▸ **SUPPLIED MATERIAL**

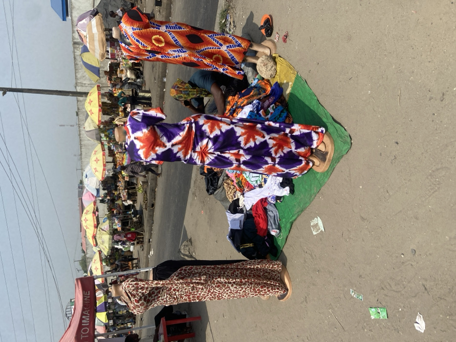 The image depicts a bustling outdoor market scene in Alasia, Nigeria, characterized by street-side vendors and pedestrian traffic under bright daylight. In the foreground, three headless mannequins, standing on circular wooden bases, display women's clothing directly on the dirt and asphalt ground. The leftmost mannequin wears a long, form-fitting, brown and cream leopard-print dress with dark trousers underneath. The central mannequin exhibits a purple, white, and orange tie-dye patterned long dress. The rightmost mannequin displays an orange, blue, and black patterned dress. These mannequins are positioned on and beside a green tarpaulin spread on the ground, which holds various piles of folded and loose clothing for sale. Behind the central display, partially obscured, a person is seated on the ground, wearing a dark shirt and a colorful head covering. Scattered debris, including discarded paper and plastic wrappers, is visible on the ground. In the midground, a paved road separates the foreground display from a dense array of market stalls. These stalls are sheltered by numerous large, colorful umbrellas, predominantly yellow, white, and striped, indicating a lively commercial area. Visible beneath the umbrellas are various goods, likely produce and other merchandise, displayed on tables or directly on the ground. Numerous individuals, appearing as customers and vendors, traverse the area, engaged in market activities. A red canopy with white text, partially reading "TO IMAGINE," is visible on the far left. Utility poles and overhead wires are present, indicating urban infrastructure. The background features a tall, plain concrete wall, suggesting a boundary or building. The sky is clear, and the overall lighting suggests a sunny day.
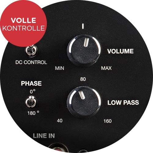 - Universelle Kompatibilität: Verbindung über LFE (ungefi ltert/Tiefpassfi lter deaktiviert) oder Line-Pegel-Stereo-Cinch-Anschluss – Der aktive Subwoofer passt zu jedem Heimkinosystem (Kabel nicht im Lieferumfang enthalten).
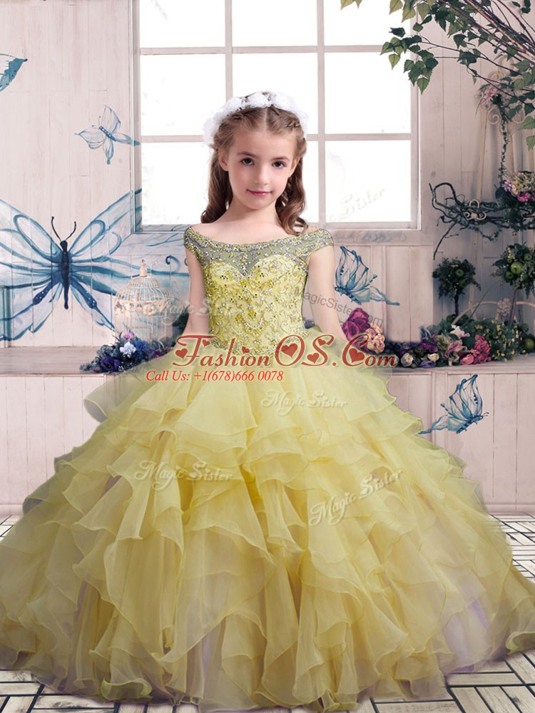 Home >  Special Occasion Dresses >  2018 Little Girl Pageant Dresses > Yellow Organza Lace Up Little Girl Pageant Dress Sleeveless Floor Length Beading and Ruffles
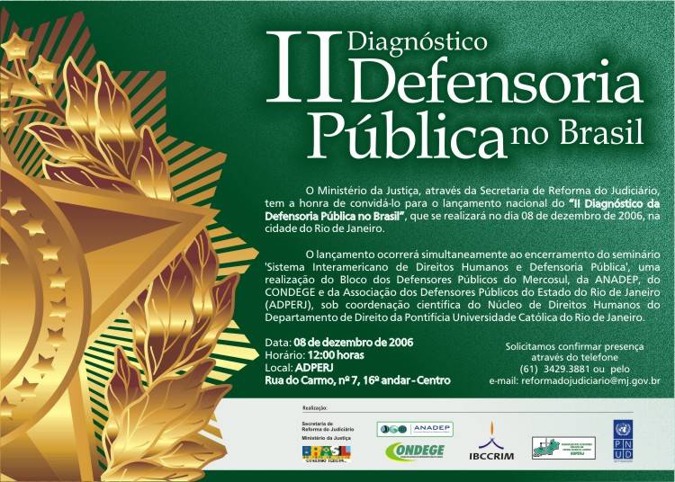 O Ministério da Justiça, através da Secretaria de Reforma do Judiciário, tem a honra de convidá-lo para o lançamento nacional do "II Diagnóstico da Defensoria Pública no Brasil", que se realizará no dia 8/12, na cidade do Rio de Janeiro.

▸ **TASK TO CARRY OUT**
Every line from the one containing "Home >  Special Occasion" through the last line of the data, both included, is to be repeated exactly; the pictures are to be left out.

▸ **RESULT OF THIS TASK**
 Home >  Special Occasion Dresses >  2018 Little Girl Pageant Dresses > Yellow Organza Lace Up Little Girl Pageant Dress Sleeveless Floor Length Beading and Ruffles
 O Ministério da Justiça, através da Secretaria de Reforma do Judiciário, tem a honra de convidá-lo para o lançamento nacional do "II Diagnóstico da Defensoria Pública no Brasil", que se realizará no dia 8/12, na cidade do Rio de Janeiro.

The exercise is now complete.